Gustavo Bacarisas e os lustres chineses
O ponto de inflexão decorativo chegou em 1877, ano em que a rainha Isabel II visitou a cidade. Com o objectivo de apresentar uma imagem mais cuidada do recinto ferial, a Prefeitura encarregou ao pintor hispano-gibraltareño Gustavo Bacarisas a tarefa de embelezar as ruas da Feira. Bacarisas inspirou-se nos lustres chineses de papel que tinha visto em outras cidades européias para criar uma versão adaptada ao gosto andaluz: um farolillo de papel plisado, redondo, de cores vivas e facilmente reproducible.
Estes primeiros farolillos penduraram-se em fileiras ao longo das ruas do Real. Eram simplesmente decorativos, não tinham luz e estavam feitos de materiais frágeis, pensados para resistir mal nos dias que durava a festa.
Do gás ao tendido elétrico
Pouco depois tentou-se dotar a estes adornos de iluminação mediante lustres de gás, mas a combinação de papel inflamável e lume vivo resultou ser um risco constante. Os incêndios eram frequentes, e o sistema mal podia se manter.

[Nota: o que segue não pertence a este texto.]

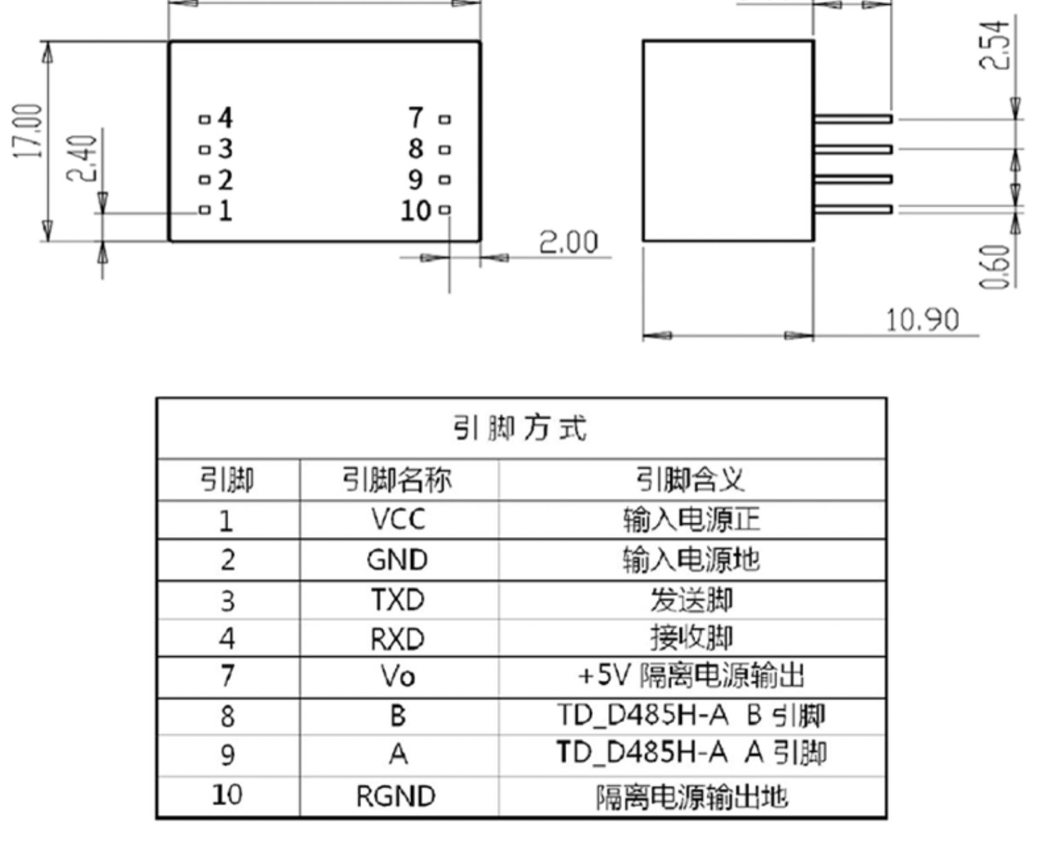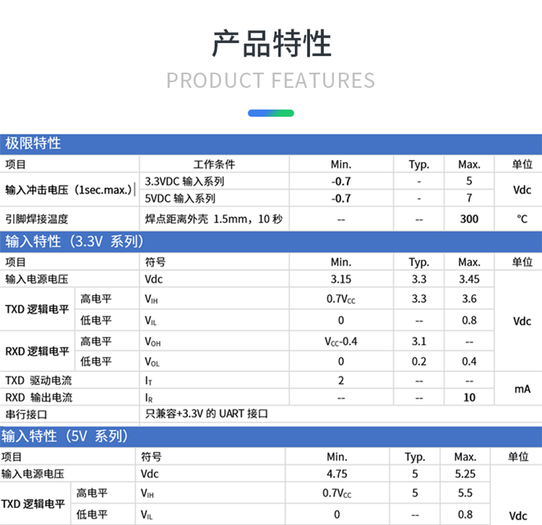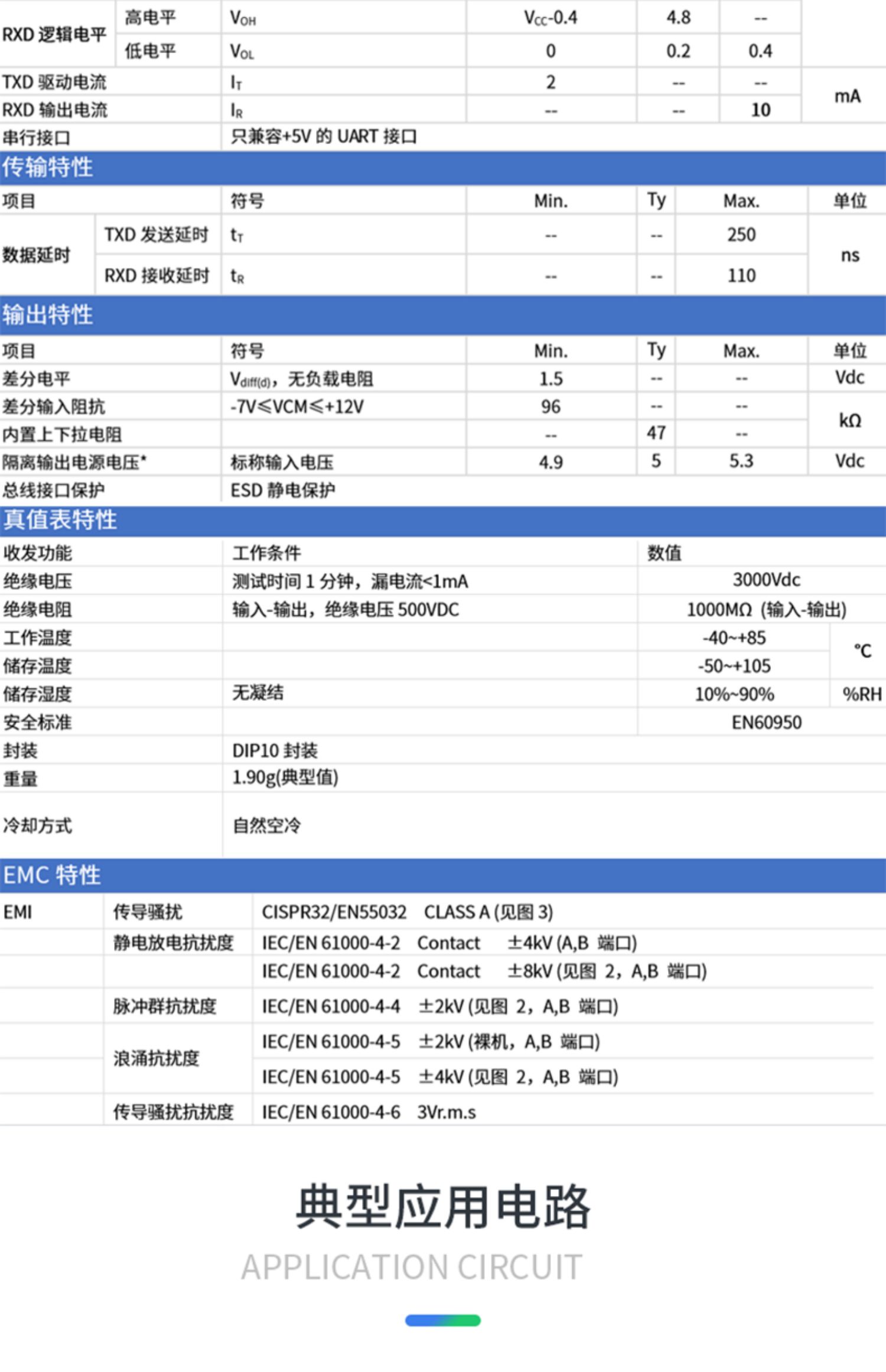 两端隔离耐压 3000VDC

A solução chegou em 1883 com a electrificación do recinto ferial. Nesse ano instalou-se o primeiro tendido elétrico da Feira, o que permitiu incorporar iluminação elétrica aos farolillos. Paralelamente, a Prefeitura aprovou uma ordem municipal na que se estabelecia que o farolillo devia ser um ornamento de uso obrigatório no Real, dando assim carácter oficial ao que até então tinha sido uma iniciativa estética pontual.
Buchas Feira de Sevilla
Um dos detalhes mais llamativos desta transformação foi a necessidade de adaptar as bombillas ao novo uso. A empresa de luz que operava em Sevilla desenhou uma bucha específica para que as bombillas coubessem dentro dos farolillos sem os danificar nem provocar sobre-aquecimentos.

Esse modelo recebeu o nome de buchas Feira de Sevilla, denominação que tem perdurado até nossos dias.
De enfeito decorativo a emblema cultural
Ao longo do século XX, o farolillo foi afianzándose como um elemento inseparável da Feira de Abril. Sua imagem não só define o espaço físico do Real, sina que tem trascendido à iconografía da cidade, já que aparece em cartazes, souvenirs, anúncios turísticos e até em expressões da fala popular.
Com o tempo, os farolillos deixaram de fabricar-se exclusivamente em Sevilla, mas ainda hoje muitas das fábricas mais reconhecidas destes adornos seguem estando em Andaluzia, onde se produzem em grandes quantidades semanas dantes de cada feira.
A alma efémera da Feira
Hoje, dezenas de milhares de farolillos cobrem as ruas do Real, alinhados entre bombillas e tensores, criando um teto visual que cobra vida especialmente de noite, quando a iluminação transforma o recinto num espectáculo de luz e cor. São, a sua maneira, a materialización da alma efémera da Feira. São frágeis, alegres, perfeitamente inúteis em sua função prática, mas absolutamente imprescindíveis para entender o espírito da festa.

Desde uma inspiração oriental até converter-se em património sentimental da cidade, os farolillos da Feira de Abril são bem mais que decoración. São história viva de Sevilla, suspendida no ar.